Un equipo educativo estable y profundamente comprometido
El corazón de esta escuela son sus personas. El equipo educativo está formado por dos educadoras que llevan tiempo trabajando juntas, se conocen, se complementan y comparten una misma mirada respetuosa hacia la infancia. Esta estabilidad genera un clima de confianza fundamental tanto para los niños/as como para las familias.
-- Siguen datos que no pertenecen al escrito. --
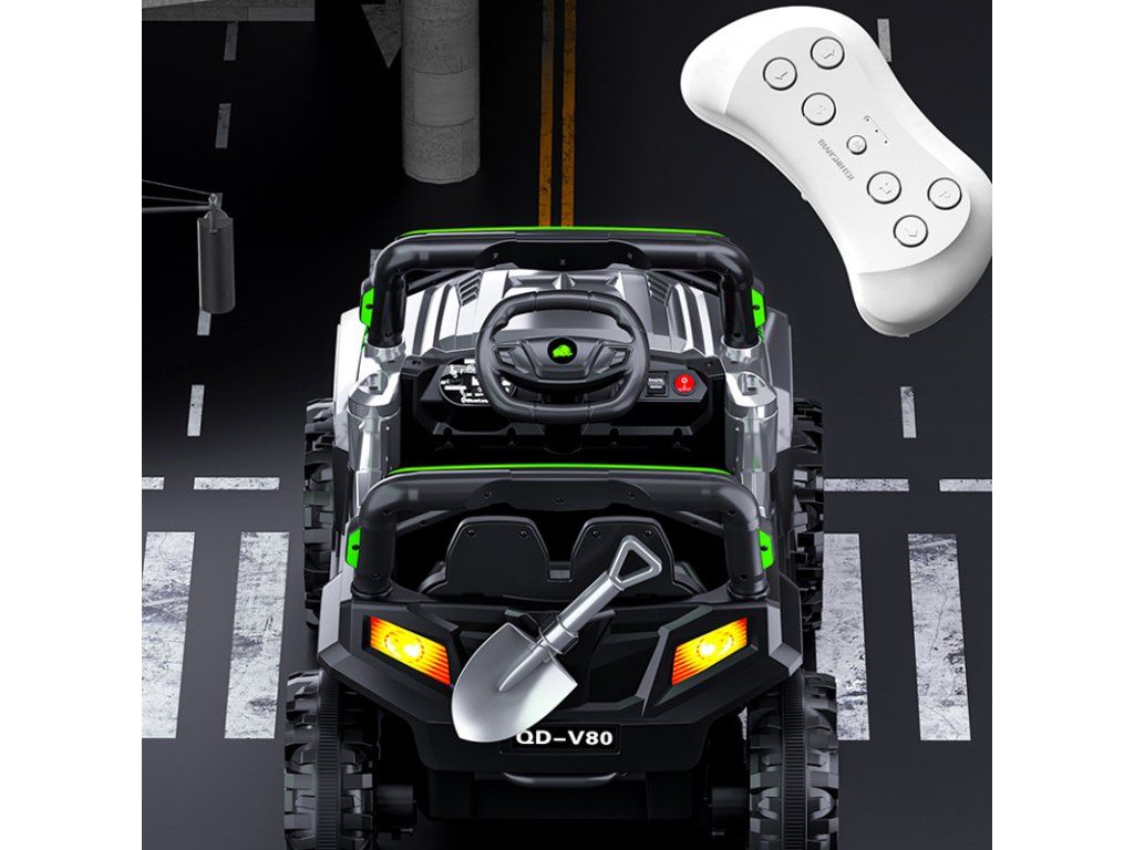 Eingebauter digitaler Audioplayer mit USB-Anschluss und Musikwiedergabefunktion sorgt für noch mehr Spaß unterwegs. Ihre Kinder können während der Fahrt ihre Lieblingsmusik genießen. Details wie realistische Lichter, Soundeffekte und Bedienelemente tragen zur Authentizität bei und machen die Fahrt noch unterhaltsamer. Die robuste Konstruktion erinnert an echte Geländefahrzeuge.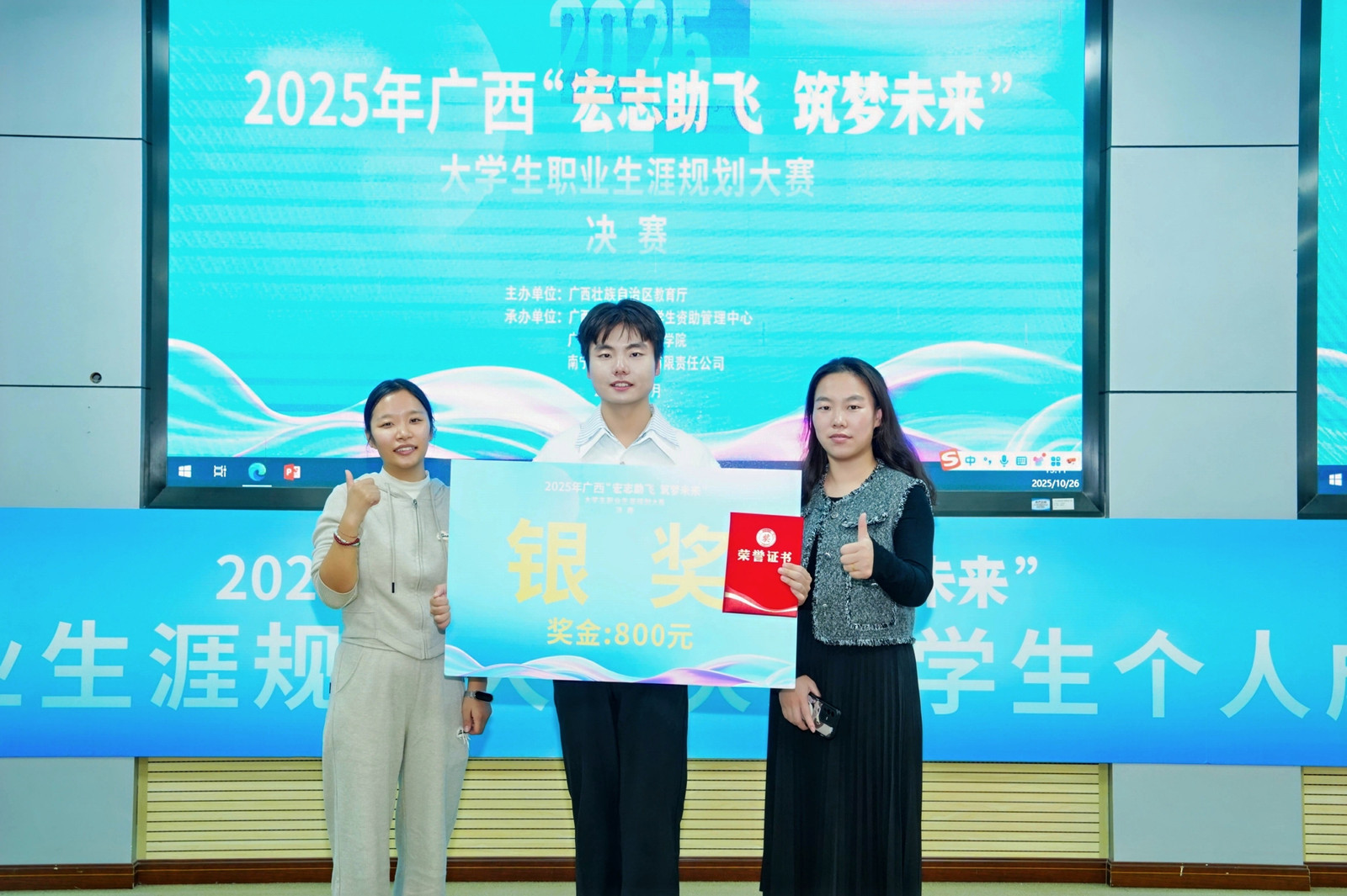 10月26日,由广西壮族自治区教育厅主办的2025年“宏志助飞 筑梦未来”广西大学生职业生涯规划大赛决赛顺利落下帷幕。文学院学生聂佳星在比赛中荣获学生个人成长赛道银奖。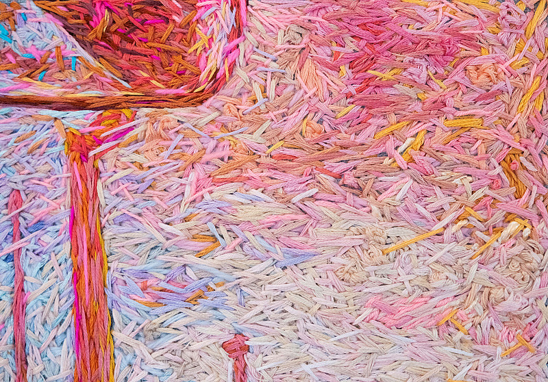 Cotton, bamboo, natural and acrylic wool, rayon on linen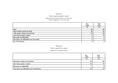 Παρακάτω είναι μερικά από τα αποτελέσματα της “Harris Poll” σε 2056 ενήλικες που πήραν μέρος σε διαδικτυακή έρευνα από τις 6 ως τις 13 Φεβρουαρίου του 2012 από την Harris Interactive.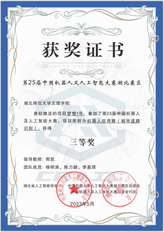 本网讯 (通讯员 邢凯)5月13日-14日,2023年湖北省人工智能大赛暨第二十五届中国机器人及人工智能大赛(湖北赛区)在武汉工程大学举行,milan米兰官网_米兰(中国)由邢凯老师指导,杨明涛、陈力勰、李嘉琪三名学生组成的团队荣获三等奖。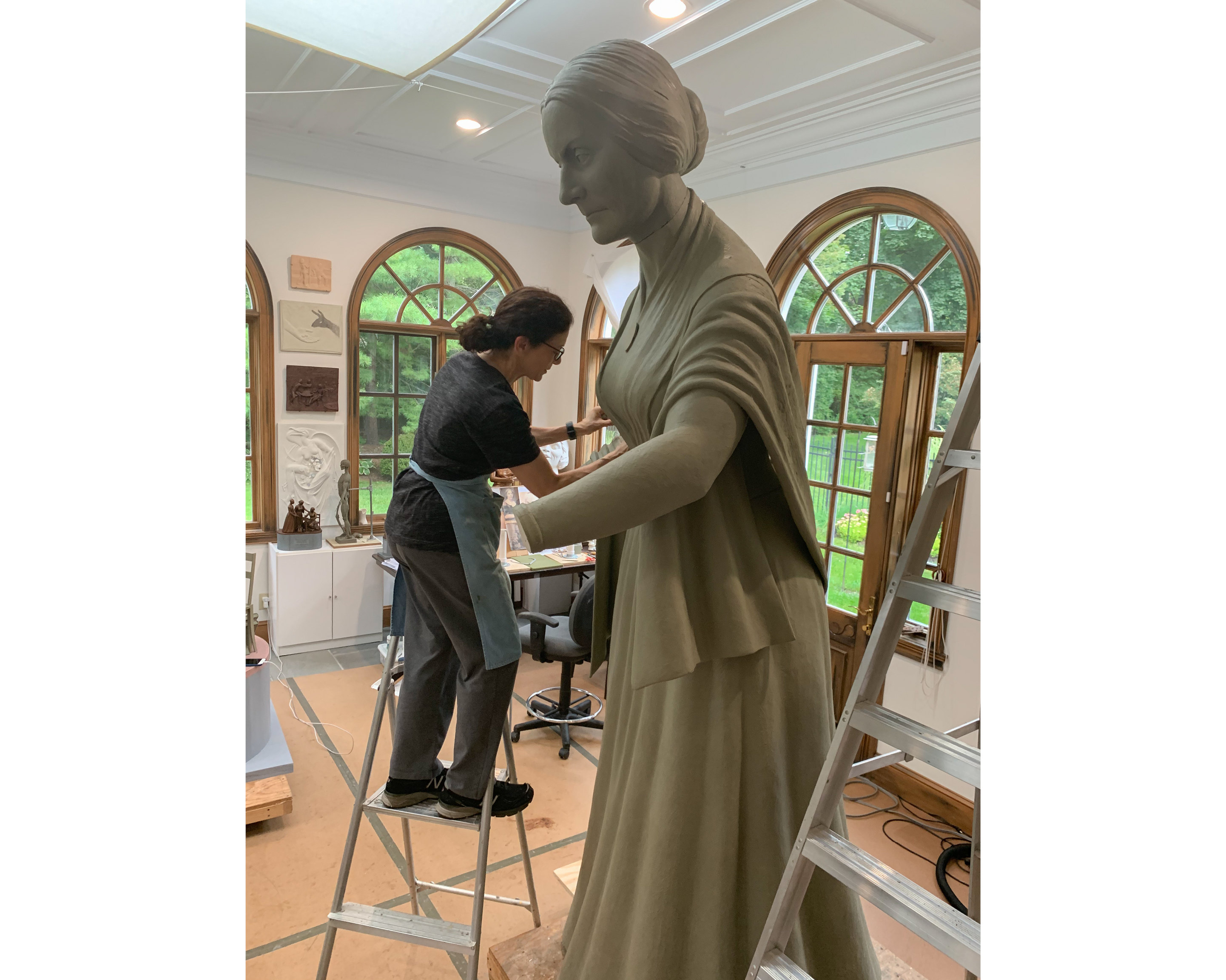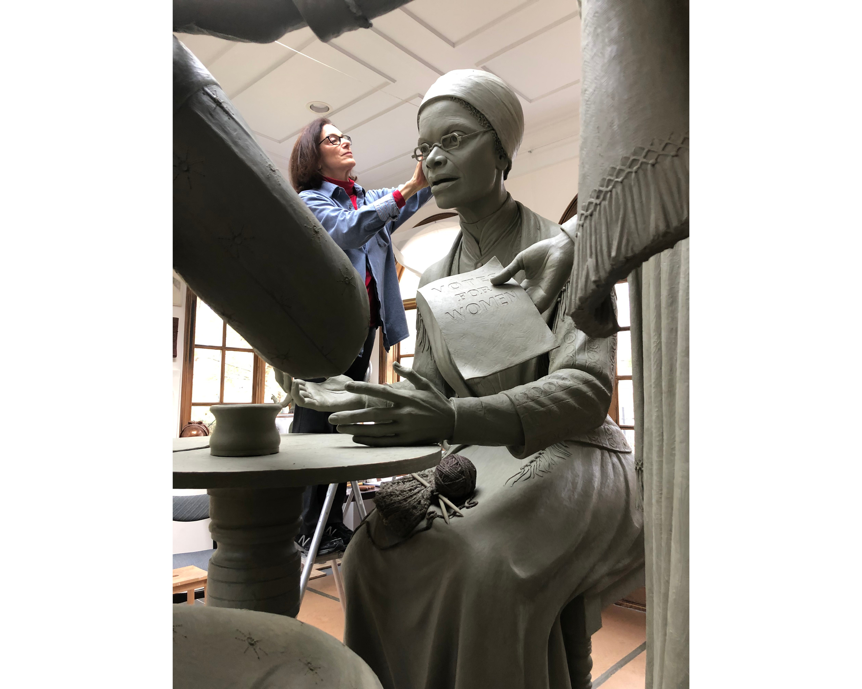 Listen to an interview with sculptor Meredith Bergmann on WBUR's Here & Now Podcast New Suffrage Statue Will Be Central Park's Only Monument To Depict Real Women, By Robin Young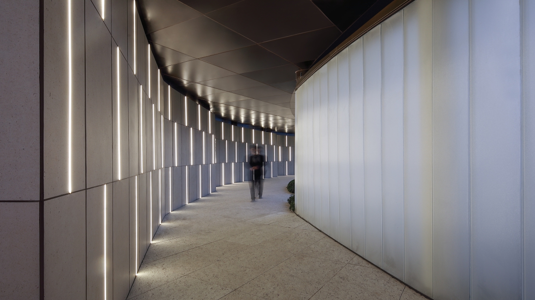 建筑表皮面板用12mm厚超白鋼化玻璃,夾膠玻璃肋支撐;2mm不銹鋼拉絲仿銅;260寬8mm厚雙層U型玻璃正反扣,上下槽式連接,將葡萄牙米黃石材鑲嵌其中。這些材料進行組合與構造,以材料及構造手法保證平整度,建筑表皮細節(jié)上的使用確保了肌理的辨識度。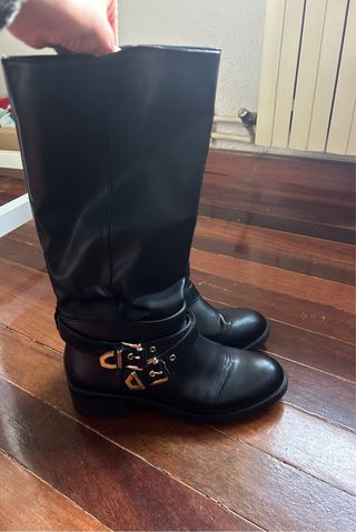 Botas de montar de caña alta con detalles de hebillas doradas. - Diseño elegante y moderno. - Cierre con hebillas. - Material sintético.

Además, la escuela cuenta con una directora implicada que visita el centro todos los lunes, lo que permite un seguimiento cercano y continuo del proyecto educativo. A este acompañamiento se suma el equipo de atención temprana: una orientadora que acude una vez al mes para asesorar tanto al equipo educativo como a las familias. Si hubiera necesidad también se contaría con una especialista en Audición y Lenguaje, un especialista en Pedagogía Terapéutica y una Trabajadora Social. Equipo que en los centros educativos públicos es gratuito. Un apoyo profesional que garantiza una atención integral, algo poco habitual en centros pequeños y que supone una gran tranquilidad para las familias.
Atención individualizada: cada niño/a importa
Uno de los grandes valores de esta escuela es su número reducido de alumnos/as, que permite una atención personalizada. Aquí no hay prisas ni grupos masificados. Cada niño/a tiene su tiempo, su espacio y su acompañamiento, respetando su ritmo de desarrollo y sus necesidades individuales. Esta cercanía facilita una observación constante a la infancia y una comunicación fluida con las familias. Porque convivir con un número pequeño de niños/as, no es una limitación, es una oportunidad.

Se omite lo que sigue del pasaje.